• EXERCISE BRIEF
Begin at the top of the entries below and write out every line through the one containing "Con dimensiones de", excluding pictures.
(SOURCE MATERIAL begins)
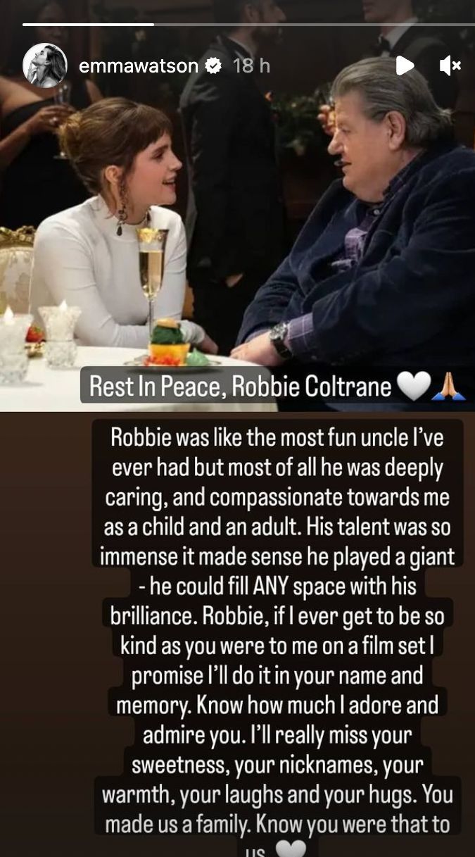 “Robbie, si alguna vez llego a ser tan amable como tú fuiste conmigo en un set de filmación, te prometo que lo haré en tu nombre y en tu memoria. Sabes cuánto te adoro y te admiro. Extrañaré mucho tu dulzura, tus apodos, tu calidez, tus risas y tus abrazos. Nos hiciste una familia. Sé que fuiste eso para nosotros”, y concluyó: “No habrá mejor Hagrid. Hiciste que fuera un placer ser Hermione”.
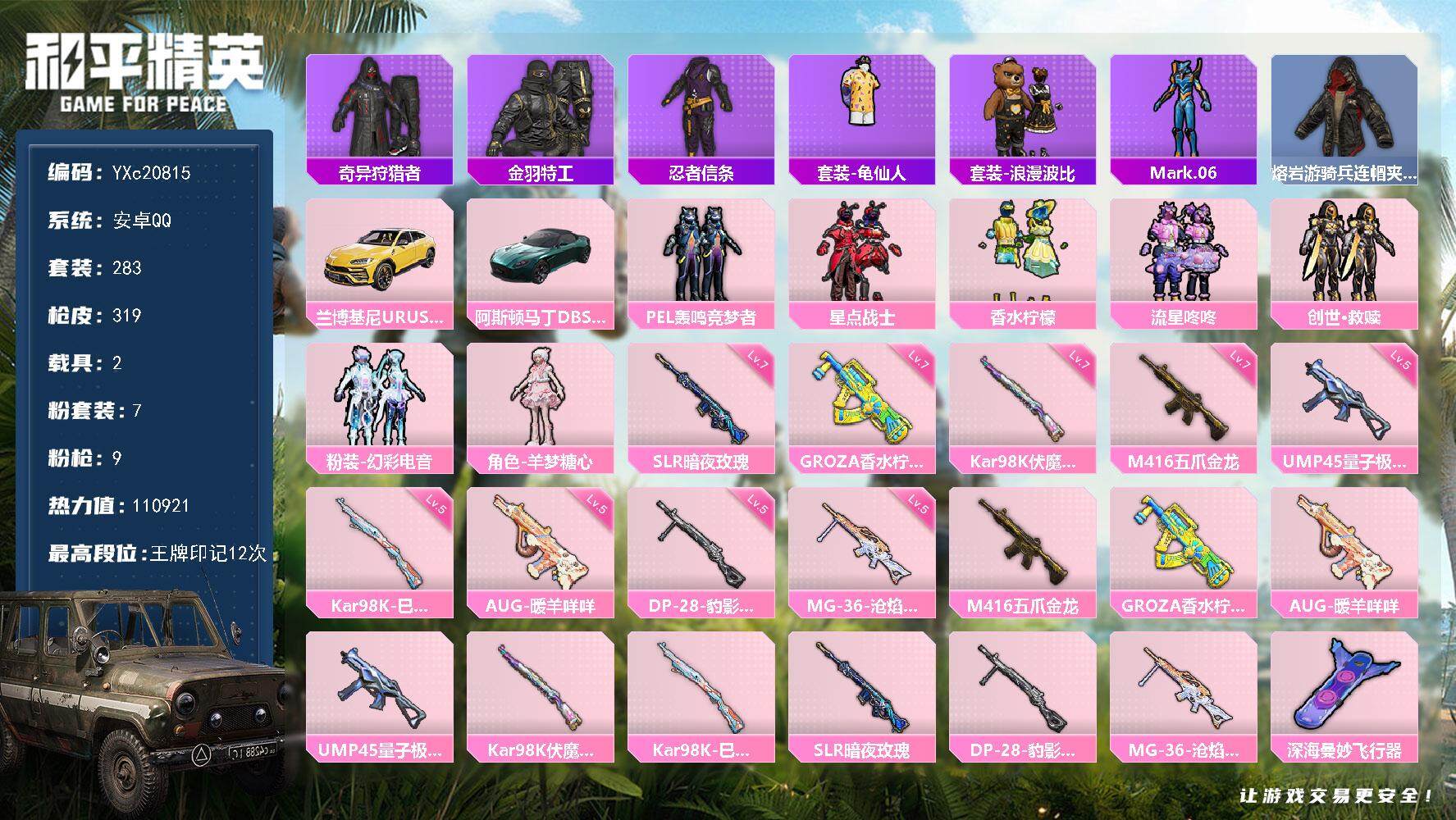 PX_2294410-??侠,满级五爪,蓝螳螂,地铁满天赋】YXc20815-【无二次协助处理】【因赛季更新游戏段付以上号为准!】 ,安卓Q-1稀有2载具7粉装9特效枪28热门283套装319枪皮12印记,历史绝世王牌28星, 【1稀有】,奇异狩猎者, 【2载具】,兰博SUV黄色,阿斯顿马丁S绿色, 【7粉装】,羊梦糖心,创世救赎,幻彩电音,PEL轰鸣竞梦者,星点战士,香水柠檬,流星咚咚, 【9特效枪】,M416-五爪金龙,(7级),Kar98K-巳巳如意,(5级),Kar98K-伏魔团,(7级),MG-36-沧焰双生,(5级),DP-28-豹影疾电,(5级),AUG-暖羊咩咩,(5级),UMP45-量子极限,(5级),GROZA-香水柠檬,(7级),SLR-暗夜玫瑰,(7级), 【28热门】,Mark.06,龟仙人,太空漫步,雪山精英,浪漫波比,金羽特工,童话森林,梦起落英,神秘黑猫,暗夜契约,醒狮腾龙,团圆交子,瑞龙福将,忍者信条,冰爽海盐,朱雀圣者,海洋之心,破蛋小黄鸡,风华少年志,白月香洋装,英勇保护者,M416-仓鼠灰灰,AKM-奇异狩猎者,M762-奇异狩猎者,M762-瑞龙福将,M24-奇异狩猎者,S686-奇异狩猎者,M24-香水柠檬, 【1飞行器】,深海曼妙飞行器, 【6头盔】,九霄头盔,精灵迷巫头盔,梦幻火箭头盔,深海小丑鱼头盔,心之恋语头盔,夏日绵绵冰头盔, 【4背包】,九霄背包,梦幻火箭背包,深海曼妙背包,神秘黑猫背包,
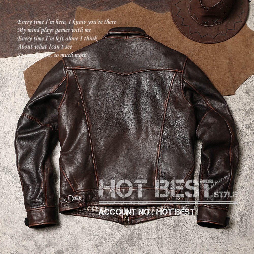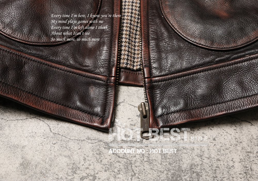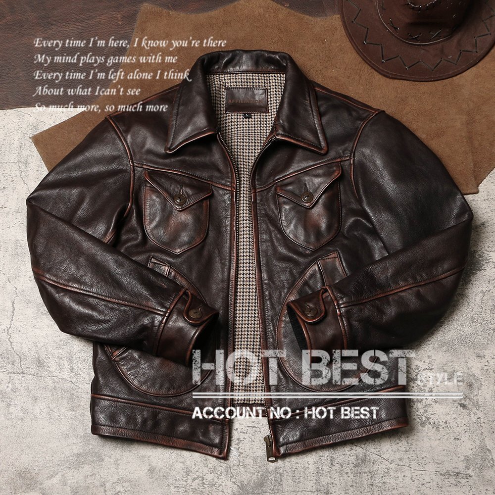 1.3mm 茶芯カウハイド 復刻40's アビエイタースタイル レザージャケット メンズ 革ジャン ウォッシュ加工 ヴィンテージ 牛革 Y1576/4XL
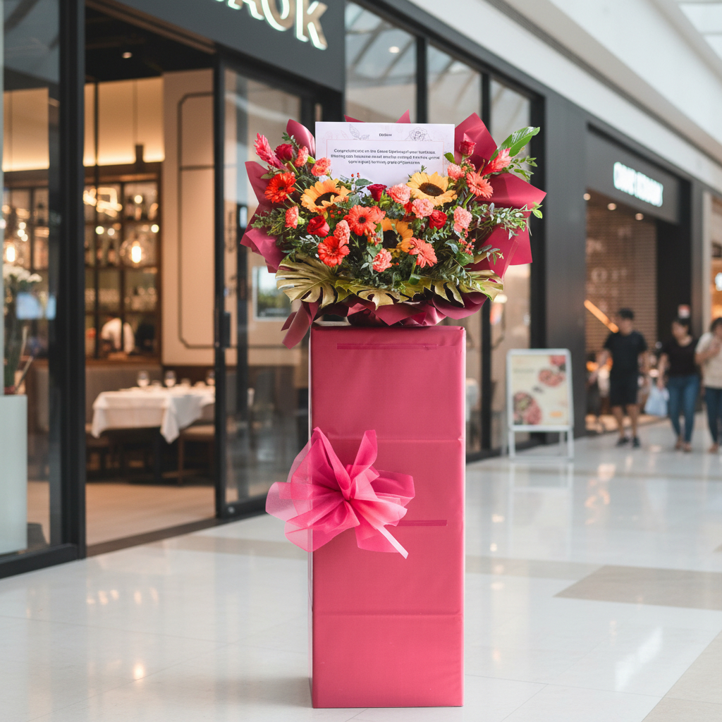 Ignite the path to success with Flame of Fortune business opening stand, a vibrant and auspicious floral stand bursting with powerful red and golden hues — perfect for celebrating grand openings and milestones.
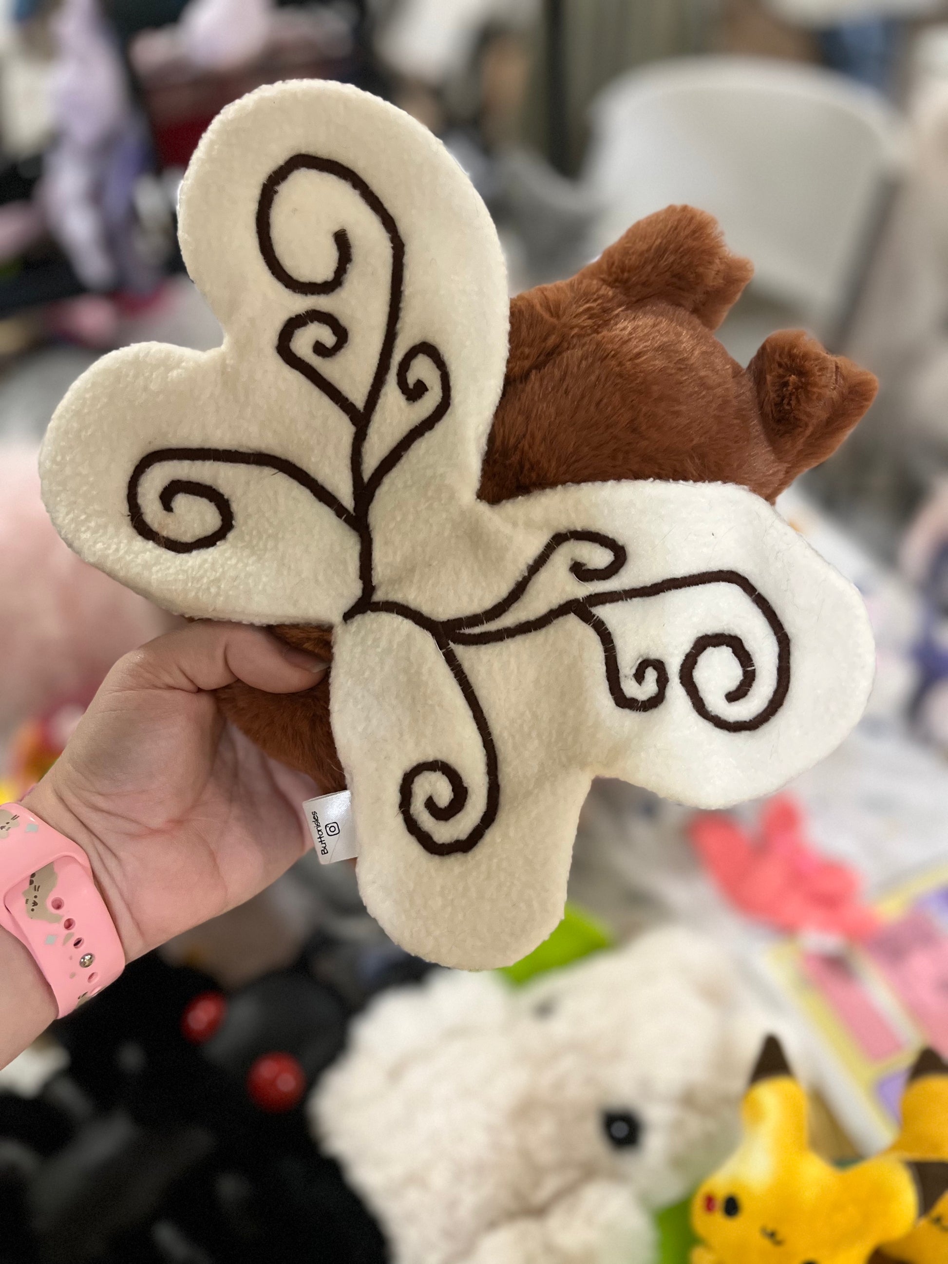 Discover the enchanting beauty of nature with this carefully crafted moth plush. Each piece features premium fleece complemented by delicate machine embroidery details. At 9 inches tall, this moth makes a perfect decorative accent or cuddly companion.
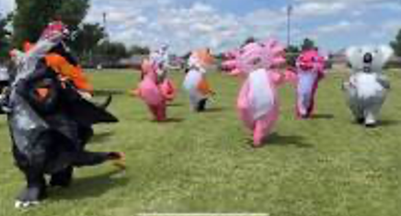 If we raise $3000—volunteer staff will complete in a race at the next assembly wearing blow up costumes
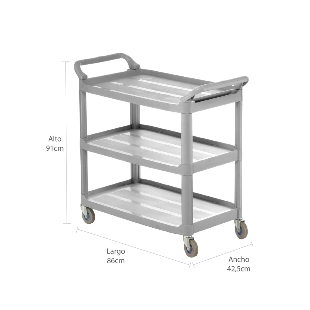 Con dimensiones de 86 cm largo x 42 cm ancho x 91 cm alto, los carros de servicio 3 bandejas medianos son lo suficientemente amplios para almacenar diferentes tipos de productos, posibilitando la separación adecuada de ellos según su composición o destino final
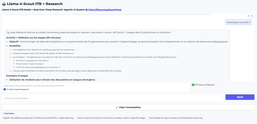 Llama 4 (présentation sur https://www.llama.com) est le nouveau modèle de langage de Meta disponible en deux versions, Scout (démo : https://huggingface.co/spaces/openfree/Llama-4-Scout-17B-Research) et Maverick (démo : https://huggingface.co/spaces/openfree/Llama-4-Maverick-17B-Research). Ils comportent 17 milliards de paramètres et acceptent jusqu’à 10 millions de tokens.
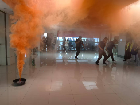 活动现场,75名来自各分会、应急小队及合作企业的参演人员先后参与了多个实战化演练项目,有安全培训、办公楼灭火疏散逃生急救演练、查找身边隐患竞赛、逃生屋现场体验、心肺复苏培训、电动车灭火实操、灭火毯灭火等环节。
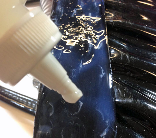 Before you glue the spikes, you want to lay out your design to make sure you have enough spikes. To complete this look, I used exactly 200 spikes. Once you have your idea set, add a layer of the adhesive on evenly, work on one area at a time so the glue doesn’t dry up.
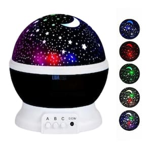 Luminária abajur infantil luz de estrela giratório projetor Cor: preto Você já olhou para as estrelas e desejou poder engarrafar a galáxia noturna e trazê-lo para dentro da sua casa Bom, agora você pode com o ajuda do projetor de estrelas star master.Você pode criar sua própria mini galáxia nas paredes do seu quarto, da sua sala de estar, festas ou de qualquer lugar que você deseje em apenas alguns segundos.Quando a luminária for conectada via usb, pode se transformar num abajur normal, removendo a tampa estelar Funções dos botõesBotão a - liga e desligaBotão b - troca cores de luzBotão c - efeito giratórioTampa semi-transparente podendo usar a luminária com ou sem a tampa, fazendo o céu estrelado ou apenas usando como luminária.Tamanho: 10.8 x 9.5 x 9.5 centímetrosConsideraçõesA função liga/desliga do botão a só funciona quando a cor da luz estiver na luz branca.Para projeção nas paredes é necessário remover o domo de plástico rígido translúcido.Sua função giratória é controlada por um dos botões, porém o domo estrelado preto é fixo. Especificações do ProdutoProduto: projetor de luz giratóriaMaterial: plástico absTamanho: 10.8 x 9.5 x 9.5 centímetrosTensão: dc5vAlimentação: 150 maFonte de energia: 4x aaa palito não incluso ou cabo usb incluso Itens inclusos01 luminária projetor estrela 360º01 cabo usb Marca: Wstore Brasil Abajur
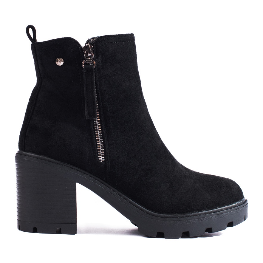 Um poste largo, com 8 cm de altura, oferece estabilidade mantendo uma aparência elegante. Este tipo de salto é uma opção conveniente para quem deseja adicionar alguns centímetros de altura sem abrir mão do conforto ao caminhar. O fechamento com zíper facilita calçar e tirar as botas rapidamente e acrescenta um aspecto prático ao uso diário.
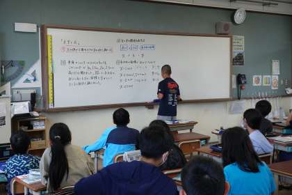 少しずつ複雑な式、計算になってきました。いろいろな値をxに入れて、対応するyの値を丁寧に求める姿が見られました。それぞれが自信をもって発表できるようになってきています。毎日コツコツと努力している結果が見えてきて嬉しい限りです。
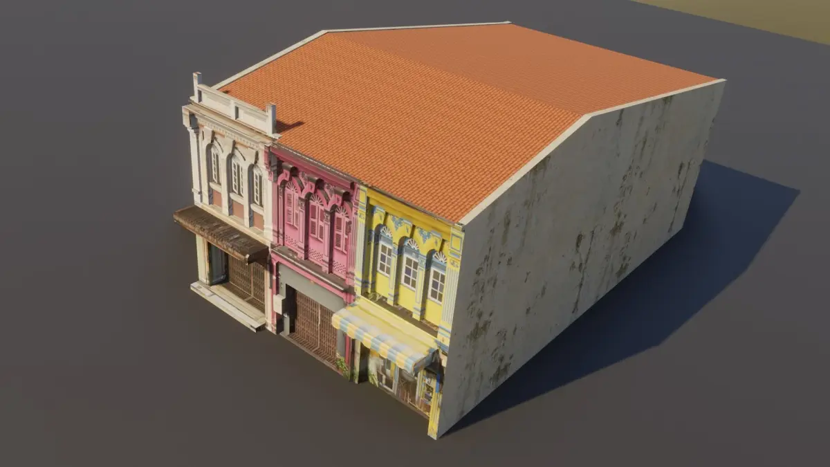 HomeCatalogPhuket-Oldtown-6 colorful building Low-poly 3D model
(SOURCE MATERIAL ends)
• YOUR RESPONSE
 “Robbie, si alguna vez llego a ser tan amable como tú fuiste conmigo en un set de filmación, te prometo que lo haré en tu nombre y en tu memoria. Sabes cuánto te adoro y te admiro. Extrañaré mucho tu dulzura, tus apodos, tu calidez, tus risas y tus abrazos. Nos hiciste una familia. Sé que fuiste eso para nosotros”, y concluyó: “No habrá mejor Hagrid. Hiciste que fuera un placer ser Hermione”.
 PX_2294410-??侠,满级五爪,蓝螳螂,地铁满天赋】YXc20815-【无二次协助处理】【因赛季更新游戏段付以上号为准!】 ,安卓Q-1稀有2载具7粉装9特效枪28热门283套装319枪皮12印记,历史绝世王牌28星, 【1稀有】,奇异狩猎者, 【2载具】,兰博SUV黄色,阿斯顿马丁S绿色, 【7粉装】,羊梦糖心,创世救赎,幻彩电音,PEL轰鸣竞梦者,星点战士,香水柠檬,流星咚咚, 【9特效枪】,M416-五爪金龙,(7级),Kar98K-巳巳如意,(5级),Kar98K-伏魔团,(7级),MG-36-沧焰双生,(5级),DP-28-豹影疾电,(5级),AUG-暖羊咩咩,(5级),UMP45-量子极限,(5级),GROZA-香水柠檬,(7级),SLR-暗夜玫瑰,(7级), 【28热门】,Mark.06,龟仙人,太空漫步,雪山精英,浪漫波比,金羽特工,童话森林,梦起落英,神秘黑猫,暗夜契约,醒狮腾龙,团圆交子,瑞龙福将,忍者信条,冰爽海盐,朱雀圣者,海洋之心,破蛋小黄鸡,风华少年志,白月香洋装,英勇保护者,M416-仓鼠灰灰,AKM-奇异狩猎者,M762-奇异狩猎者,M762-瑞龙福将,M24-奇异狩猎者,S686-奇异狩猎者,M24-香水柠檬, 【1飞行器】,深海曼妙飞行器, 【6头盔】,九霄头盔,精灵迷巫头盔,梦幻火箭头盔,深海小丑鱼头盔,心之恋语头盔,夏日绵绵冰头盔, 【4背包】,九霄背包,梦幻火箭背包,深海曼妙背包,神秘黑猫背包,
 1.3mm 茶芯カウハイド 復刻40's アビエイタースタイル レザージャケット メンズ 革ジャン ウォッシュ加工 ヴィンテージ 牛革 Y1576/4XL
 Ignite the path to success with Flame of Fortune business opening stand, a vibrant and auspicious floral stand bursting with powerful red and golden hues — perfect for celebrating grand openings and milestones.
 Discover the enchanting beauty of nature with this carefully crafted moth plush. Each piece features premium fleece complemented by delicate machine embroidery details. At 9 inches tall, this moth makes a perfect decorative accent or cuddly companion.
 If we raise $3000—volunteer staff will complete in a race at the next assembly wearing blow up costumes
 Con dimensiones de 86 cm largo x 42 cm ancho x 91 cm alto, los carros de servicio 3 bandejas medianos son lo suficientemente amplios para almacenar diferentes tipos de productos, posibilitando la separación adecuada de ellos según su composición o destino final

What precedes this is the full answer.